Today, is the eighteenth birthday that I haven't been able to enjoy with him.  I don't have my father here, and this day is just another reminder of that.  It sucks.  The only thing tangible I have of my dad are his jean jacket, his favorite blanket (or remnants of it), and photographs.  They all bring me comfort on days like today, but its the photos that keep my heart from sinking into the dark sea of grief and despair.  These photographs are proof that the moments and memories are still here after all this time.  He is not, but these sweet moments from my birth to before his passing, they have given me so much hope and peace throughout life.   Year after year, and birthday after birthday, these photographs remain as my most prized possessions he ever left for me.  

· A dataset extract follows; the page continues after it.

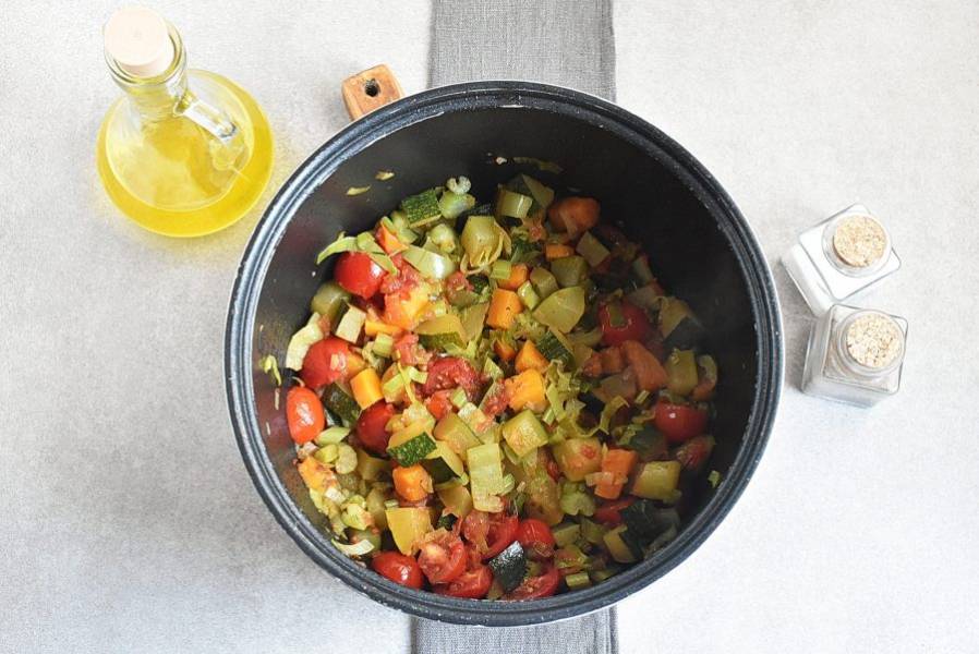 Полейте все измельченными помидорами. Переведите мультиварку в режим "Тушение" на 10 минут.
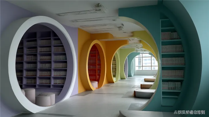 Midjourney Bot 更新时间:2026-01-01 00:26图书馆,复古未来风格,波普美学。模仿电影大师库布里克,模仿电影《芭比》空间和布局,模仿建筑大师高迪。门,白色,蓝色,紫色,薄荷绿色,淡黄色,淡红色,灰色。休息区,圆形门洞,书架。中式元素。横向长条形空间,平面场景,细节扩展 --ar 16:9 --v 7 --style raw --stylize 100

I have so many photographs that my grandmother has given me over the years.  Some from when my dad was a child; I have all of his school photos!  I have photos of him in his Army uniform and from the early days of his young adult life.  I have photos of him and my mom before kids and then even more with two little blondes added into the mix.  

 

The photos of him before me, I love to look at and wonder about who he was then-- luckily my Aunt and my grandma have helped with a lot of that.  Was he into politics or fashion trends?  What was his favorite type of music?  Did he have a lot of friends and what did he do for fun?  These photographs have been conversation starters and lifeboats full of memories and laughter through this sometimes endless sea of grief.  

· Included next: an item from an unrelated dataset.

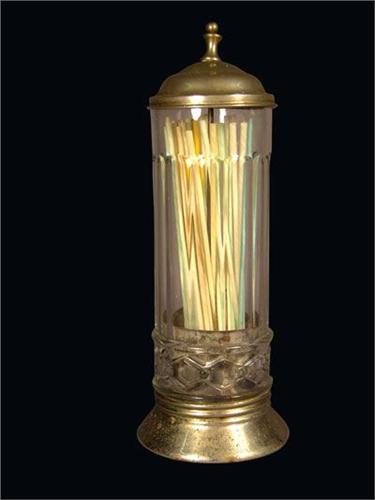 Straw Holder Tin and Glass. No chips or cracks. 12 1/2 inches tall.

The photos of my family; my dad, my mom, my sister and I at our home in Dexter.  There are some that were captured before I can remember like of me as a baby and young tot.  Then there are those photos that have seemed to stop so many fun memories in time.  It's these that are my favorite because they are proof that my dad was just as amazing as I remember him to be.  Just as shooting a flare while lost at sea brings hope to those in a lifeboat waiting to be found, these photographs bring hope and peace throughout this sometimes tumultuous sea of grief.  

It is imperative for me to note that there is something so calming and connecting when you hold photographs that hold memories of your loved ones.  It's incredibly special to be able to sit in your grandmothers living room and flip through a huge stack of photographs she has given you.  So many times, photographs have brought me to tears or made me laugh.  Sometimes they have left me with questions or reminded me of how I was feeling in that moment.

 

Technology has gotten us so many great things in today's world, but it has also left us with a huge barrier in human interaction, and in family traditions.  Oftentimes these moments get stored on some hard drive, or posted on social media for people to see for a moment.  Social media may not be here forever, and hard drives crash.  You are doing yourself and your family a disservice in leaving these images in the digital world.

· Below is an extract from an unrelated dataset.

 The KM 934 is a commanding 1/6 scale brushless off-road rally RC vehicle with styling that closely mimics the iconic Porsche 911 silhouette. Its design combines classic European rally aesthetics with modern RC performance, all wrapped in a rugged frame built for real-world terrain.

All of the photos both of my dad as a child, and myself as a child, I can now share them with my children.  I can show them who their grandpa was and show my youngest how she has her grandpas chin.  I can show them what it looked like when my dad grew up, and when I grew up. I can show them the memories and I can save them until I am ready to pass them down, just as my grandmother has done for me.  I can hang them in a frame or leave them in my grandmothers vintage frame and place it on a shelf for anyone who visits my home to see.  Can your hard drive do that?  

Photographs capture the spirit of its subject.  Photographs preserve a memory.  Photographs can be handed down throughout generations.  Photographs can bring your loved ones peace when that's all they have left of you. 

 

Professional, or candid...PRINT YOUR PHOTOGRAPHS.  PRINT AND SHARE YOUR MEMORIES.